SÃO PAULO, Brasil — Parece ciencia ficción. En 93 páginas, el texto propone un futuro extraño. En 2027, hay una nueva pandemia, causada por el “Xvirus”. Un año después, estalla la guerra entre Estados Unidos, China y Rusia por los yacimientos de bauxita de Guyana. En el año 2035, los brasileños admiten de manera abierta su conservadurismo innato y adoptan un futuro en el que la palabra “indígena” apenas existe.
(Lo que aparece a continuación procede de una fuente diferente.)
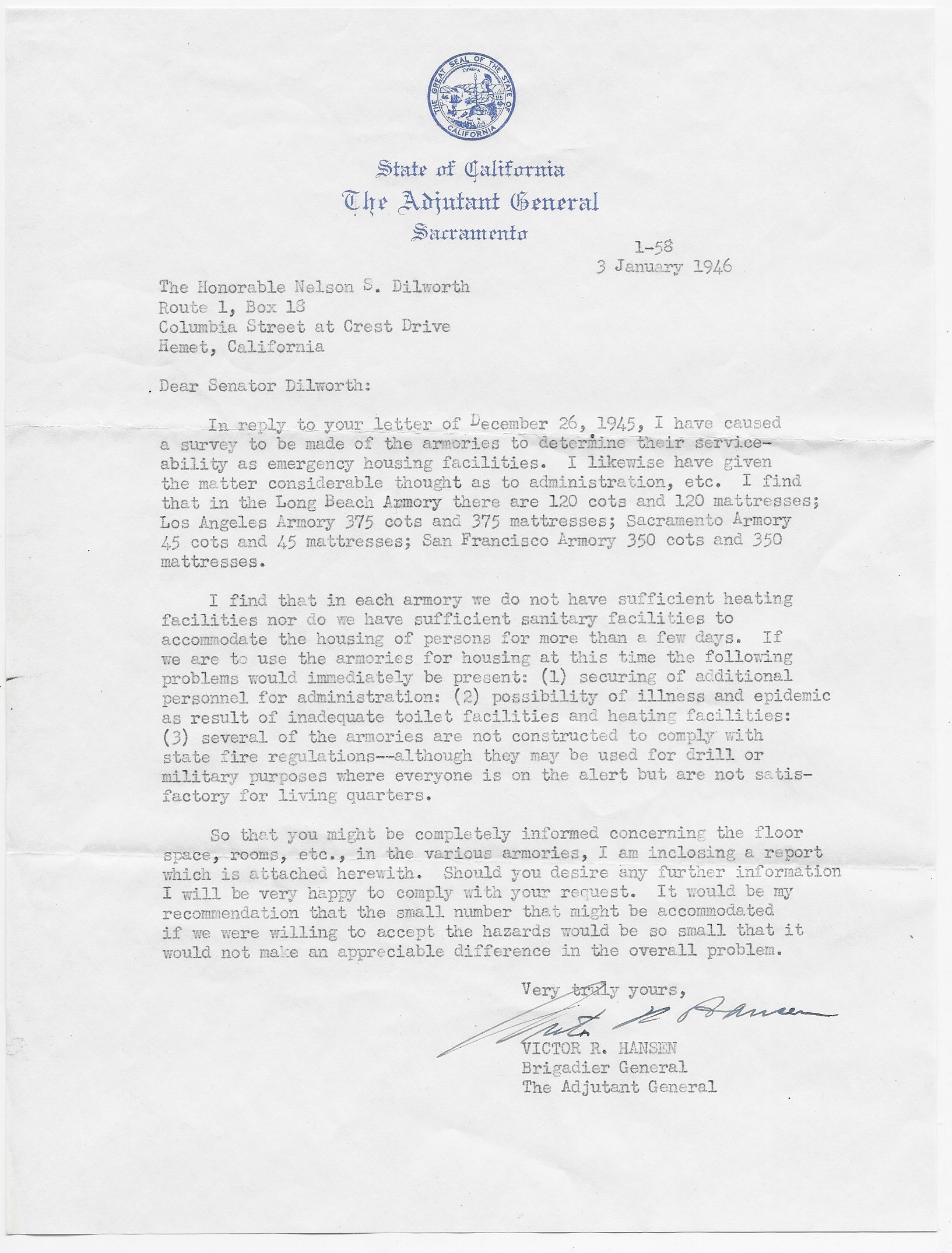 1946 (Jan 3) Letter from the California Adjutant General Victor Hansen re armories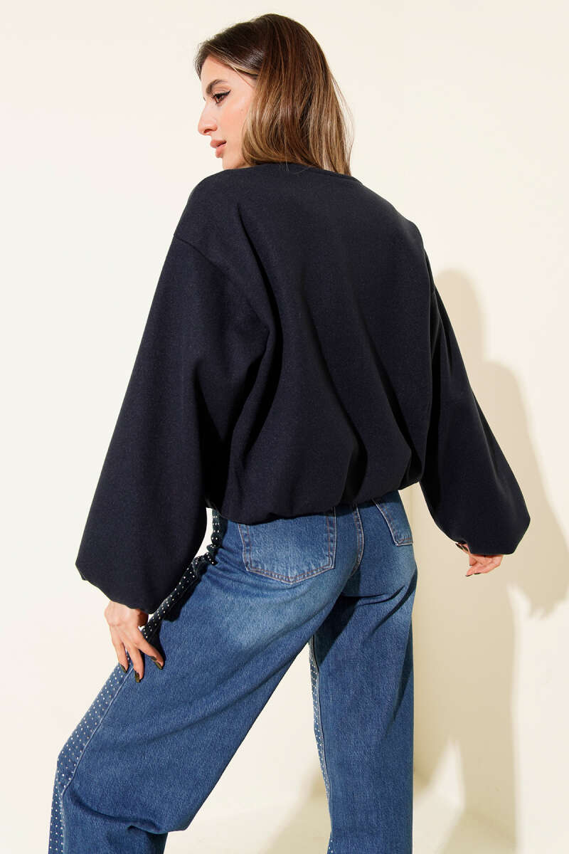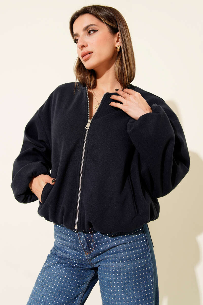 Kapşonlu Üç İpli Fermuarlı Hırka Siyah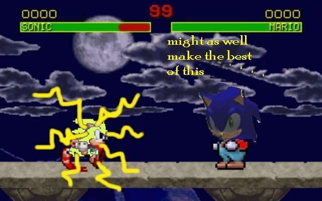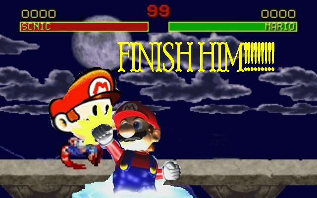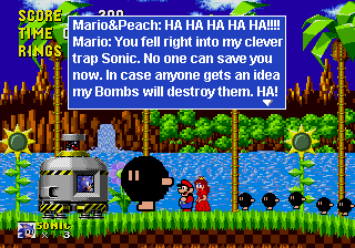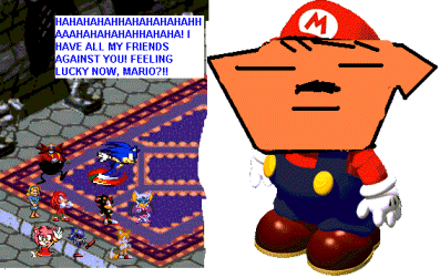 Ah, Mario vs Sonic one of the greatest rivalries of all time! I've made serval pictures illustrating their battle. I made most of these a few years ago and most are quite odd. (I think you will see I am biased AHAHAHA) I also think you'll see some of the captions are kinda lame but i still like the pics :P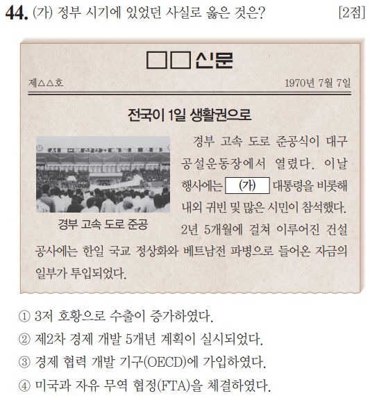 제 58회 한국사능력검정시험(기본) 44번 문제 풀이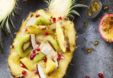 Zéro gaspillage : lavez soigneusement les morceaux d’écorce d’ananas et mettez-les dans une casserole avec 400 ml d’eau et 50 g de sucre. Portez à ébullition 15 minutes, puis laissez refroidir avant de filtrer. Ce jus très parfumé remplacera le jus d’ananas de la recette.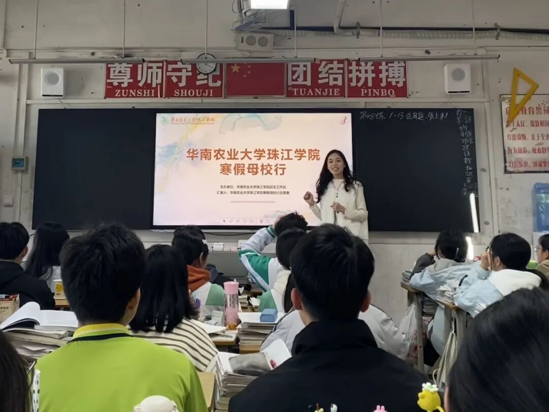 故里逢冬,薪火相传。华南农业大学珠江学院学子周嘉豪、梁海怡、麦嘉欣、赵靖欣、邱婷分别重返肇庆市高要区第一中学、肇庆市实验中学、肇庆市四会实验中学开展“寒假母校行”活动。他们怀揣着对母校的深切眷恋与分享的热忱,以进班宣讲、校园摆摊、互动答疑等多元形式,精准对接学弟学妹升学需求,全方位传递华珠办学特色与备考干货,在肇庆的校园里续写青春联结,让华珠的育人力量在故里热土温暖绽放。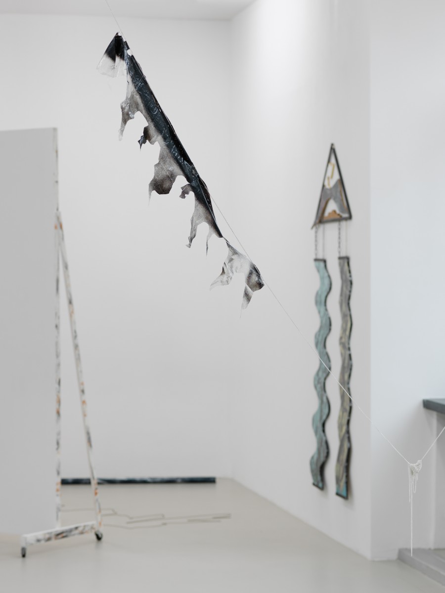 In his first major institutional solo exhibition, Daniel Kiss (b. 1984, Roth, Germany; lives in Cologne) pursues at the Kunstverein Nürnberg – Albrecht Dürer Gesellschaft his ongoing interest in the affective impacts of pop cultural signs, symbols and codes. An important aspect of his approach is the examination of social notions of value and how these shift between emotional and economical attributions. In his works, he often scrutinises the changeable legibility of symbolic and tangible qualities through temporal, fragile materials such as paper, foil, wood and textiles, whereby visual strategies of surface textures and manual production methods always remain visible.

Sin embargo, esas predicciones no son fruto de una obra de ficción. Por el contrario, proceden de un extraño documento político publicado el año pasado por un grupo de institutos dirigidos por militares brasileños retirados. Titulado “Proyecto Nación: Brasil en 2035”, el informe propone una gran estrategia nacional en cuestiones como geopolítica, ciencia, tecnología, educación y sanidad. Además de sus predicciones más extravagantes, prevé el fin del sistema sanitario universal y de las universidades públicas, y pide la eliminación de las protecciones medioambientales.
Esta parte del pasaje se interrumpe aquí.